> _Exercise objective_:
An exact transcription is needed of the lines below from the one with "(Figure #2: black bra with blood stains)" through the one with "TEDx Event Photo", with no other lines and no pictures.

━━ Data ━━

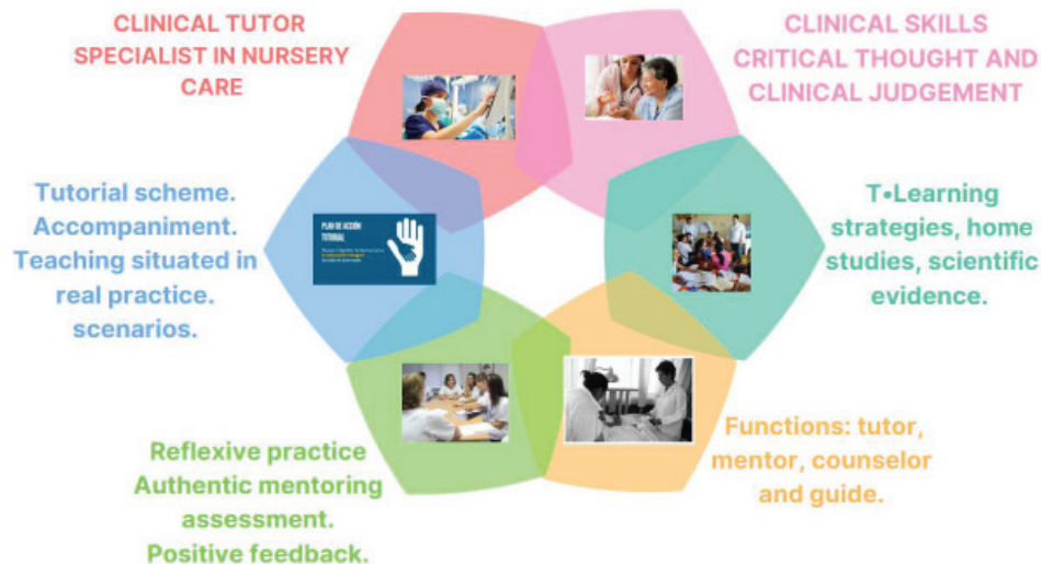
Figure 3: Clinical tutoring: the hexagonal model of training in the PUEE.

The investigate specialized nursing students' experiences of supervision during clinical practice [17] and to compare students who were satisfied with the supervision with those who were dissatisfied with respect to a) organization of supervision and number of preceptors, as well as time allocated by preceptors for b) supervision, c) reflection, d) discussion of intended learning outcomes, and e) assessments of students' performance by preceptors. This study indicates that supervision, in terms of discussions and reflections, of specialized nursing students is significant for learning experiences and satisfaction during clinical placement.
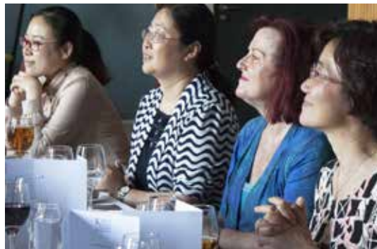
CENTRE: THE NANJING DELEGATION WITH COLLEAGUES FROM KING'S COLLEGE LONDON.
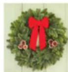
Wreath with red velvet bow, and 2 pine cone clusters
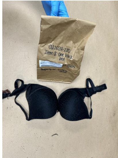
(Figure #2: black bra with blood stains)

Officer Involved Critical Incident - 555 Independence Dr., Medina, Ohio 44256
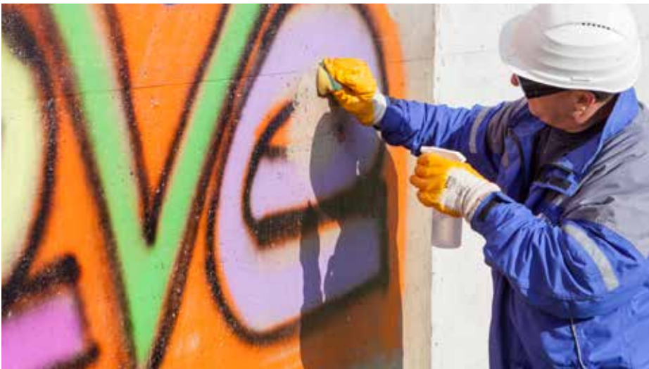
Removal of graffiti: Poor adhesion of graffiti paints on surfaces treated with SILRES® BS 710. Paints can be removed easily with a wet tissue or sponge.

Thanks to SILRES® BS 710's strong adhesive film, tags, spray paints and posters lose their staying power and can easily be cleaned off. The protection is permanent: this means there is no need to reapply SILRES® BS 710 once graffiti has been removed.
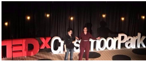
TEDx Event Photo

TEDx, coordinated by The Journey Institute , is a program of locally organized events that bring people together to share a TED-like experience. The TEDxCrestmoorParkWomen event focused on raw subjects, real women and relevant stories. The sold-out event occurred late October at the Cable Center on the University of Denver campus.
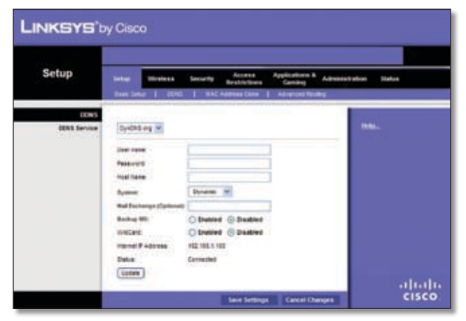
Setup > DDNS > DynDNS

User Name Enter the User Name for your DDNS account.
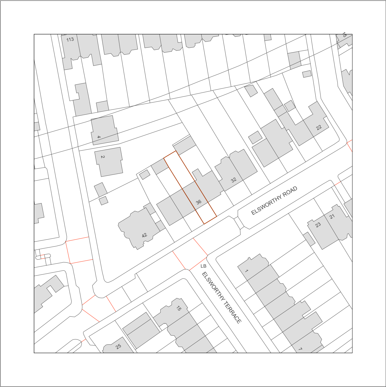
1 ELSWORTHY ROAD - OS LOCATION PLAN Scale: 1:500
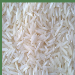
SUGANDHA RAW RICE
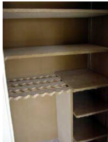
The Heritage Model T4072 "Tradition Series" safe is designed to hold up to 52 long guns.
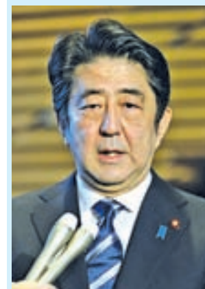
Japanese Prime Minister Shinzo Abe speaks to reporters at the prime minister's office on 1 Feb, 2015, after a new video image purportedly showing the beheaded body of Kenji Goto, a Japanese man taken hostage by a group believed to be Islamic State militants, was posted online.

TOKYO, 1 Feb — The following is the full text of a statement issued on Sunday by Prime Minister Shinzo Abe regarding the hostage case involving Japanese nationals in Syria.

━━━

> _Exercise answer_:
(Figure #2: black bra with blood stains)

Officer Involved Critical Incident - 555 Independence Dr., Medina, Ohio 44256
Removal of graffiti: Poor adhesion of graffiti paints on surfaces treated with SILRES® BS 710. Paints can be removed easily with a wet tissue or sponge.

Thanks to SILRES® BS 710's strong adhesive film, tags, spray paints and posters lose their staying power and can easily be cleaned off. The protection is permanent: this means there is no need to reapply SILRES® BS 710 once graffiti has been removed.
TEDx Event Photo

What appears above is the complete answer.